Open jaykim9870 opened 9 months ago
@jaykim9870 I have the same question. You're thinking that code should be changed like below. Right?
before : return loss + (self.rvq_cross_entropy_loss_weight * ce_loss) + duration_pitch_loss
fixed : return loss + (self.rvq_cross_entropy_loss_weight * ce_loss) + aux_loss
@wonwooo Yes, that would do.
FYI, There are some other issues like wavenet based diffusion model as the model size is very different from the original paper. As far as I have investigated, the model architecture is too different so it may affect the model performance.
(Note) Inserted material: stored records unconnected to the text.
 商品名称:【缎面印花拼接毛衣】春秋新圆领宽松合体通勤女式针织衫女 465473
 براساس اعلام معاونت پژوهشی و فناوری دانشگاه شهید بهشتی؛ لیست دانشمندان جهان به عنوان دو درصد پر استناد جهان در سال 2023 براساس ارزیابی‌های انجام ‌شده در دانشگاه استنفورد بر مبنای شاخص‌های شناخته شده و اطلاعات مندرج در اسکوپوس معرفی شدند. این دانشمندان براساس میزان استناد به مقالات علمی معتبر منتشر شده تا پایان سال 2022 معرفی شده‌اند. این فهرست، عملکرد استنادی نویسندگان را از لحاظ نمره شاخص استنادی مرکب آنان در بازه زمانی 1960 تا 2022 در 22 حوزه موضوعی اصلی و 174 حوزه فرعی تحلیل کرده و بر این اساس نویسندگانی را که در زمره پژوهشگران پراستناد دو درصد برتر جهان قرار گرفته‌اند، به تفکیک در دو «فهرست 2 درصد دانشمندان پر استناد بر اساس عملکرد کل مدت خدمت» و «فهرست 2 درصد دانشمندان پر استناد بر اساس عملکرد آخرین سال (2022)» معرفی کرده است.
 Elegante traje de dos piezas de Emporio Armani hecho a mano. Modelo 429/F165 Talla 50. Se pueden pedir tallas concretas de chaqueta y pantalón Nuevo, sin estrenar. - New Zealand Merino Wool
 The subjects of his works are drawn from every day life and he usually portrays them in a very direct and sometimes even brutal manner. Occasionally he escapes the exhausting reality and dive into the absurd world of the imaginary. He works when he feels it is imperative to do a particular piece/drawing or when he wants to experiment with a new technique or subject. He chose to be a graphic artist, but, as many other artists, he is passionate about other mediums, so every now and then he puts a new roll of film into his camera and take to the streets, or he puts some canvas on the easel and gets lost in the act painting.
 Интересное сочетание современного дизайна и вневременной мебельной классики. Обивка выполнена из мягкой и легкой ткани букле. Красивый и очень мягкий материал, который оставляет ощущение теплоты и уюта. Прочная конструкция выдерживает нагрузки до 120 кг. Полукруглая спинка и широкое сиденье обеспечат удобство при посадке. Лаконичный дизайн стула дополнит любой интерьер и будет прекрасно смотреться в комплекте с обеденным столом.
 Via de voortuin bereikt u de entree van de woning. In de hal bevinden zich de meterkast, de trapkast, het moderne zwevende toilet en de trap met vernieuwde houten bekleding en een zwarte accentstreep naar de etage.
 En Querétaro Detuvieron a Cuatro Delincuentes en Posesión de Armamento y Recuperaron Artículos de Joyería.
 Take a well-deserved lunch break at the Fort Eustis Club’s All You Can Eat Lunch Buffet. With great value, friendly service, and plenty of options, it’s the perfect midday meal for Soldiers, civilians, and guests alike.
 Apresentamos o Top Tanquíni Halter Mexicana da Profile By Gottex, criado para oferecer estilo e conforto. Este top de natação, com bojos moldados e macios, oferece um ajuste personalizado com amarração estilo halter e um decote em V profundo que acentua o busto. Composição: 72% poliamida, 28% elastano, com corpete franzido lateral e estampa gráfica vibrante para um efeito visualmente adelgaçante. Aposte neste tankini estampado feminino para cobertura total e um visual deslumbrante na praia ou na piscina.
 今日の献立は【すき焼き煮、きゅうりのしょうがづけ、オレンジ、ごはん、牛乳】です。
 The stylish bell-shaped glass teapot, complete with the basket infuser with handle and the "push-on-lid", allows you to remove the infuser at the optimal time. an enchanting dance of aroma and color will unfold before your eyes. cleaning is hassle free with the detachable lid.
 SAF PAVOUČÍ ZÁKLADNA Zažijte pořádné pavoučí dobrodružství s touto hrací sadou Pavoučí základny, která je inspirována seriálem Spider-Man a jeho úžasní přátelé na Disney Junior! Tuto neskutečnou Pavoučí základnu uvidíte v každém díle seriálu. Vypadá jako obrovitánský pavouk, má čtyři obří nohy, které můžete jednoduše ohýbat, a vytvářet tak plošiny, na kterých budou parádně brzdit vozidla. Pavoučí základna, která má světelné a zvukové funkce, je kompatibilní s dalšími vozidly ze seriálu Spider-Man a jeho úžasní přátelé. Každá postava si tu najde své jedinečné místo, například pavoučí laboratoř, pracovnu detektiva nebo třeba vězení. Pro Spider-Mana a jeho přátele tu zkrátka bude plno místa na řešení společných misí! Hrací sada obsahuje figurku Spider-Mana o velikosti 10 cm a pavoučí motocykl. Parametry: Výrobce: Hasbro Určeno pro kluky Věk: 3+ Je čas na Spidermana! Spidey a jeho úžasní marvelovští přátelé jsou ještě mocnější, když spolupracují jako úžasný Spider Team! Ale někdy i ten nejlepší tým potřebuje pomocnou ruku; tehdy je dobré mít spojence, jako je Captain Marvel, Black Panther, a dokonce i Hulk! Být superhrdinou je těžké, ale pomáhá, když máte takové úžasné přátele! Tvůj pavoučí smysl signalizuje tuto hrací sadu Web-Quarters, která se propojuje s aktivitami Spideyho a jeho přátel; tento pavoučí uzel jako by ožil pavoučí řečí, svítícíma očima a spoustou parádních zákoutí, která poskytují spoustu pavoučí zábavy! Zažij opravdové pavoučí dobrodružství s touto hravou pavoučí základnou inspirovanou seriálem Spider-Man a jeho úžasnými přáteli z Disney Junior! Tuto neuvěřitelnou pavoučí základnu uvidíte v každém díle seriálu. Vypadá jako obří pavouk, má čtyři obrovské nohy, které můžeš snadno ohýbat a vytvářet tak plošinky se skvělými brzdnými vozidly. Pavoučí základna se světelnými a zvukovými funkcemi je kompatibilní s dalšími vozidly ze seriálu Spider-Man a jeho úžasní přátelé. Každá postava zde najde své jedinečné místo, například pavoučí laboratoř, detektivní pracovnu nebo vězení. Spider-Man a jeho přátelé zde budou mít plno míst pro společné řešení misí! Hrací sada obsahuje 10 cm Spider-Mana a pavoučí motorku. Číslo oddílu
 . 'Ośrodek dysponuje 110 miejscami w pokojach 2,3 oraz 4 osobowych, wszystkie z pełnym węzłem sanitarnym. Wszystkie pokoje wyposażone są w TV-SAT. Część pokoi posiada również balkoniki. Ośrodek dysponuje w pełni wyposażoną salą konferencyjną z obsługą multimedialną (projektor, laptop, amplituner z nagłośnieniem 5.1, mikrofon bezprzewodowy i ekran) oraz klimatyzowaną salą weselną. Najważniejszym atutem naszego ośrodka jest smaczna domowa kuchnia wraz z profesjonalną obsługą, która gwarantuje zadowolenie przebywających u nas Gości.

If you are working based on this project, you may also need to check those out!
Hello, I was looking into your code and it seems like the code does not consider the duration_pitch_loss.
https://github.com/lucidrains/naturalspeech2-pytorch/blob/659bec7f7543e7747e809e950cc2f84242fbeec7/naturalspeech2_pytorch/naturalspeech2_pytorch.py#L1522
Maybe, it might be related to the aux_loss you have made.
https://github.com/lucidrains/naturalspeech2-pytorch/blob/659bec7f7543e7747e809e950cc2f84242fbeec7/naturalspeech2_pytorch/naturalspeech2_pytorch.py#L1600
Thanks for the great work!